Hätte Ubisoft sich von seiner Formel verabschiedet oder zumindest deutlich lösen können, wäre Far Cry 6 vielleicht ein ziemlich gutes Spiel geworden. So ist es einfach ein weiteres Far Cry, das in vielen Dingen ganz okay und in ein paar ganz gut ist, aber das kennen wir alles schon aus den Vorgängern. Eine echte Revolution würde Far Cry und Ubisoft so langsam mal ganz guttun.

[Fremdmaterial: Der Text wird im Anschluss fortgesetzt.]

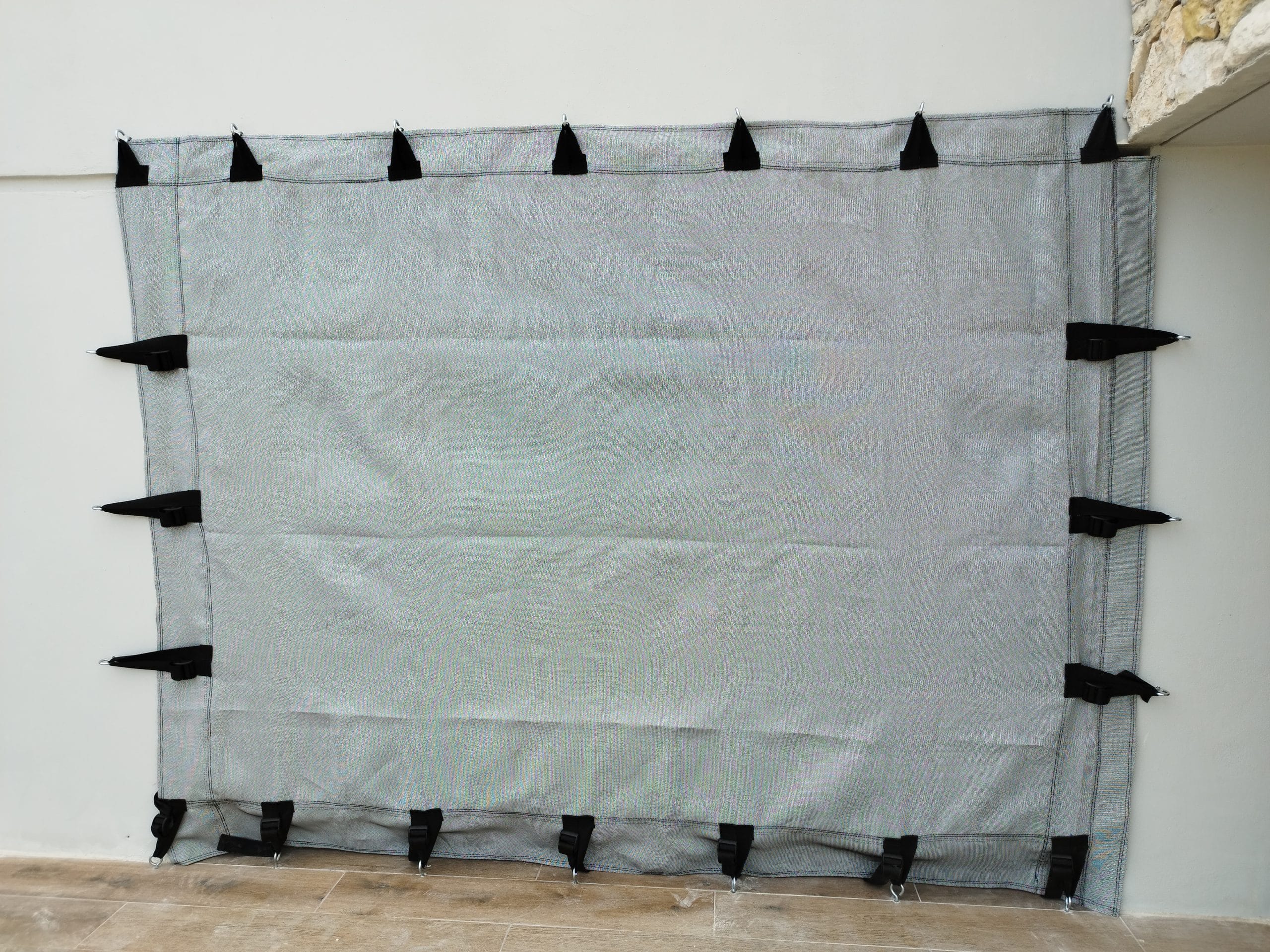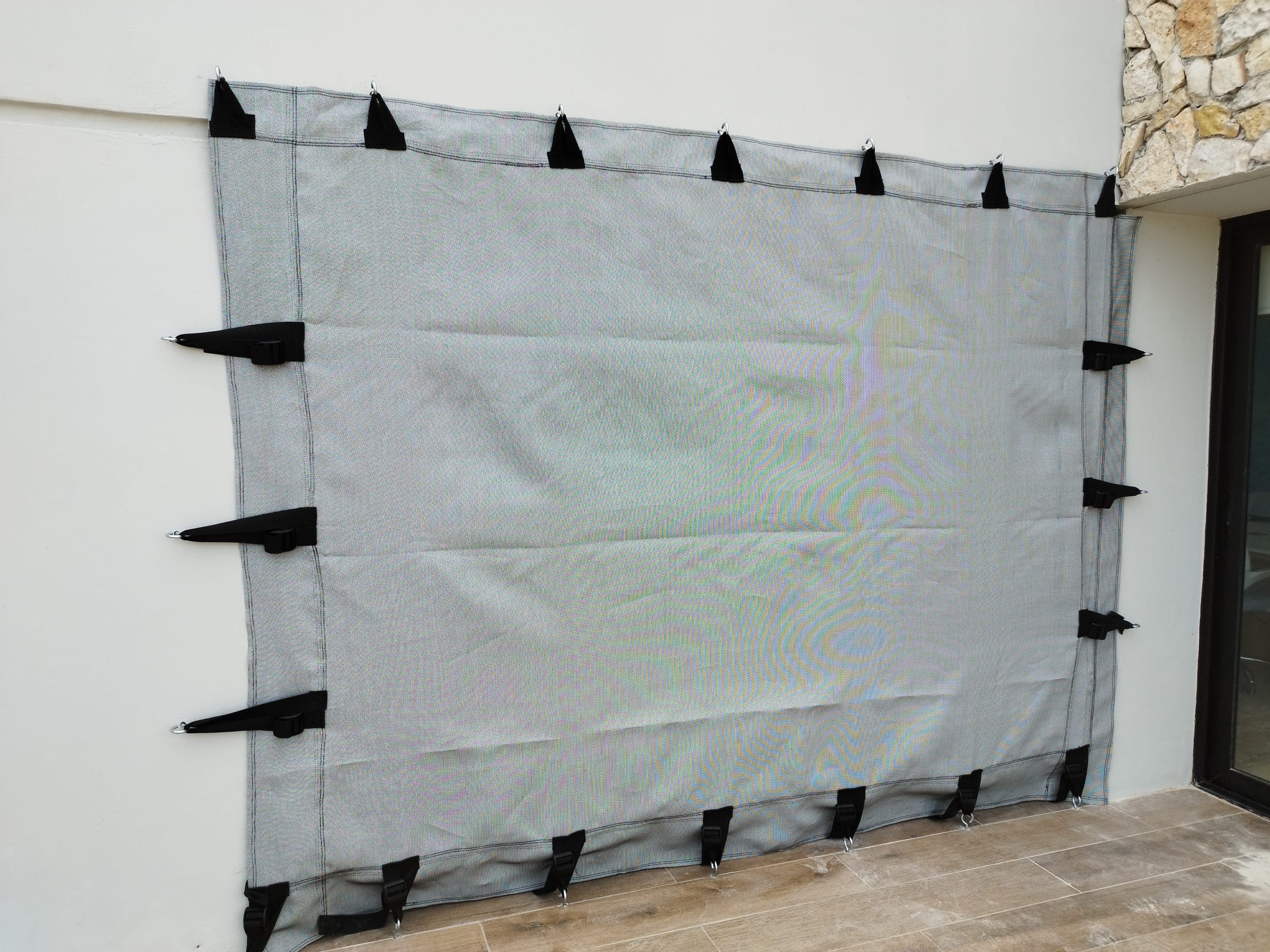 Nuestro equipo especializado de instaladores realiza una preparación previa, insertando el sistema de anclajes en todas las áreas para proteger, a partir de esto el cliente puede hacer la colocación de las mallas ante una alerta de huracán, siguiendo 3 pasos: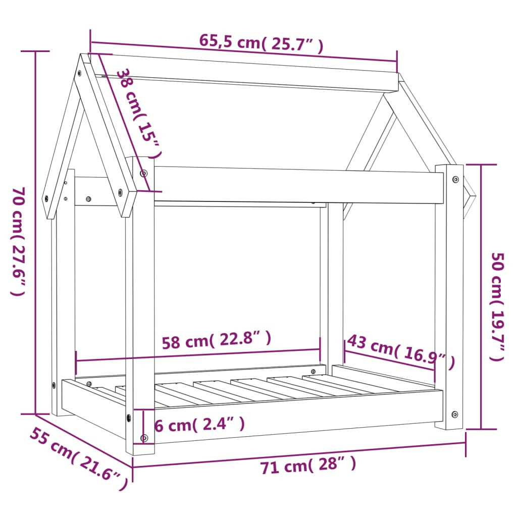 mézbarna tömör fenyőfa kutyaágy 71x55x70 cm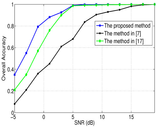To show the superiority of the method proposed in this paper, the performance of the proposed method is investigated by making comparisons with the existing methods in [7,17]. Figure 8 shows the overall accuracy of different methods under different SNRs. The test uses 1000 Monte Carlo experiments. According to Figure 8, we can obtain that when the 5 dB, the recognition performance of the method proposed in this paper is better than that of the methods in [7,17], and when the 5 dB, the recognition performance of the method proposed in this paper is comparable to that of the method in [17].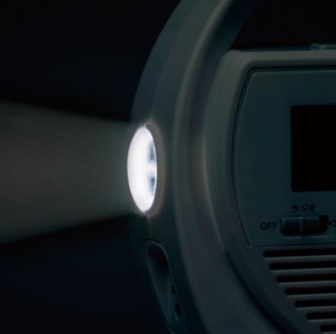 非常時に備え、いつもそばにおいて置きたい。内蔵充電池から、スマートフォン/携帯電話への充電ができる。手回し充電つき防災クロック。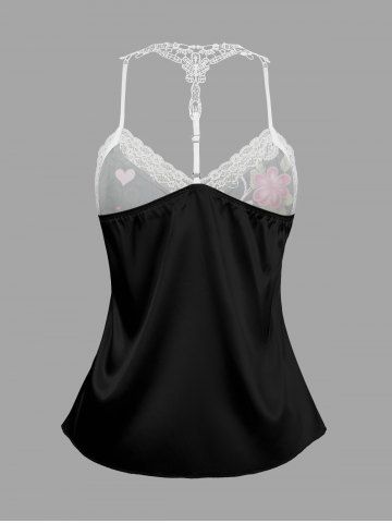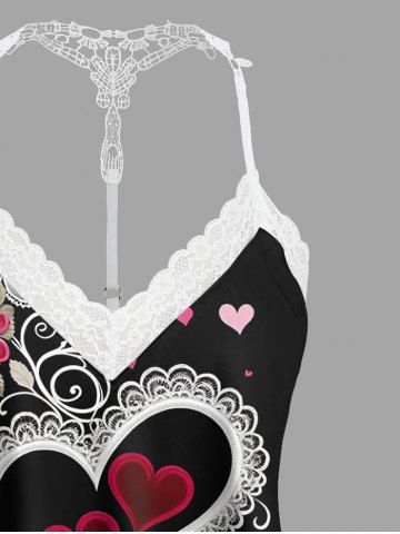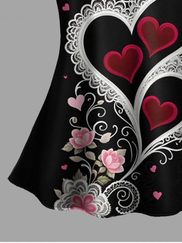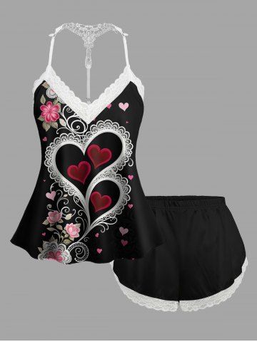 Haut de pyjama crocheté grande taille à imprimé fleurs, feuilles et cœurs, bordure en dentelle, idéal pour la Saint-Valentin - Noir - Noir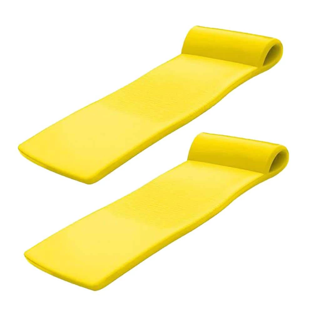 Relax in style this summer with the Texas Recreation Sunsation 70 in. Foam Raft Lounger Pool Float, Yellow (2-Pack). This pool float is crafted from 1.75 in. thick buoyant foam and waterproof vinyl coating for added durability. Moreover, this pool features a roll pillow for providing support to the head. It is a perfect pool accessory that lets you relax and chill while enjoying in the pool.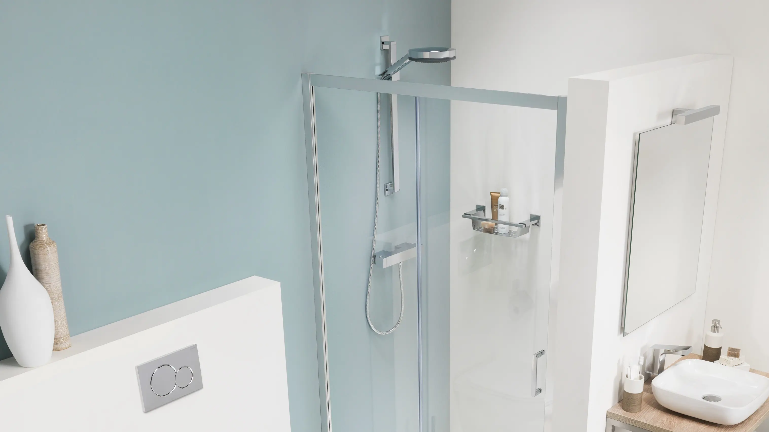 - Een schuifdeur maakt een brede douche mogelijk zónder dat je ruimte nodig hebt voor een draaideur.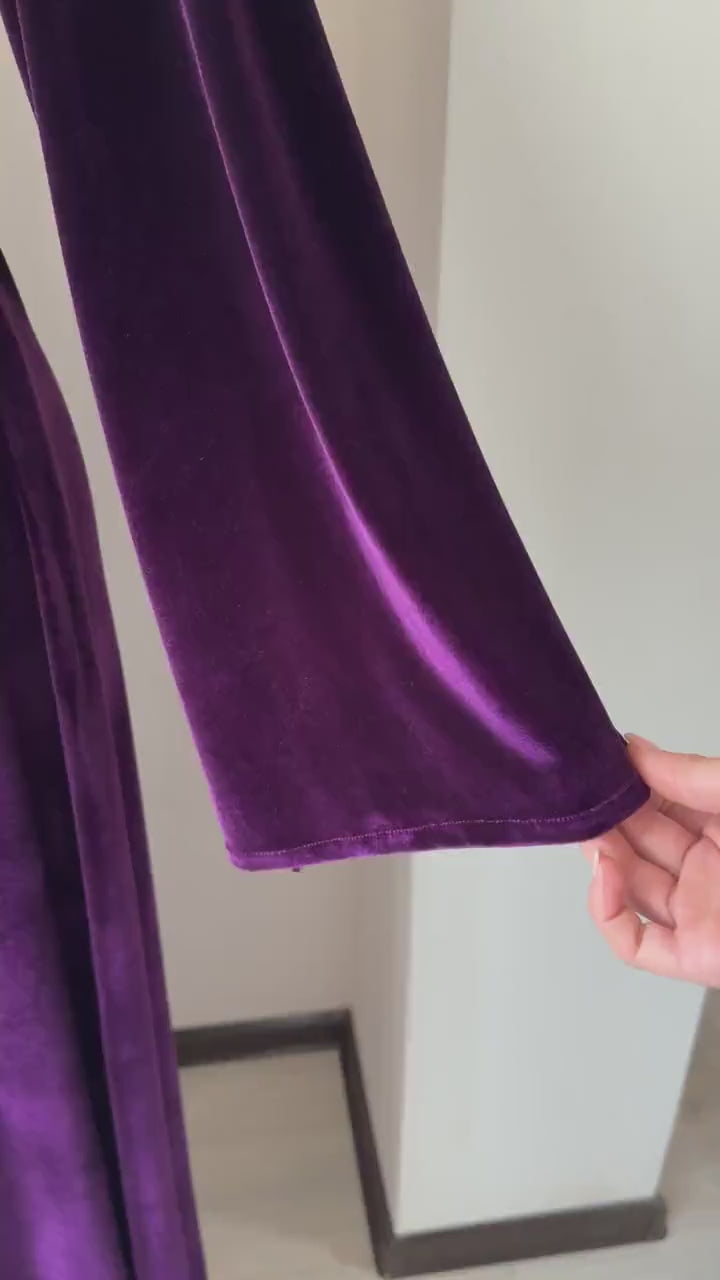 Luxury long purple velvet robe for women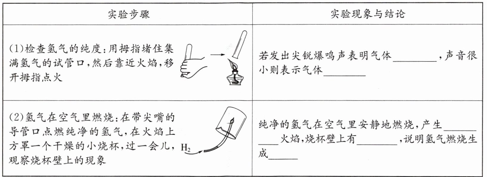(2)燃烧更旺 淡蓝色 【实验结论】氢元素和氧元素 【问题与交流】1.水通电时,水分子分解为氢原子与氧原子,2个氢原子结合成1个氢分子,很多氢分子聚集成氢气;2个氧原子结合成1个氧分子,很多氧分子聚集成氧气 2.①氢气在空气中燃烧生成水;②水通电生成氢气和氧气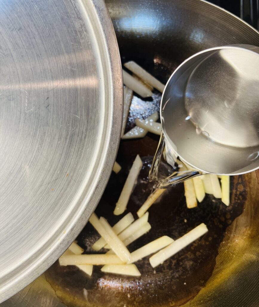 Authentic stir-frying requires the highest heat you can get out of your stove. Don’t be intimidated! You’ll soon get used to it and feel comfortable with it. The smoky char and deep umami flavor that can be achieved with a carbon steel pan and high heat is called wok hei, “the breath of the pan.” Put your pan on the burner and wait until you can see the shimmering of heat and some wisps of vapor rising from the pan’s surface. Only then add the oil and begin stir-frying. Always wait for the heat to recover between batches.

Far Cry 6 erscheint am 7. Oktober 2021 für PS5, PS4, Xbox Series X|S, Xbox One und PC.
Wertung
“Far Cry 6 macht nicht viel anders als seine Vorgänger und ist dabei auch keine große Herausforderung. Die Spielwelt ist hübsch und das Gunplay macht Spaß, doch das reicht einfach nicht, um mehr als nur okay zu sein. Manchmal ist weniger halt mehr und das hätte Far Cry 6 wirklich gutgetan. So verschenkt Ubisoft viel Potenzial in belanglosen Open-World-Aktivitäten.”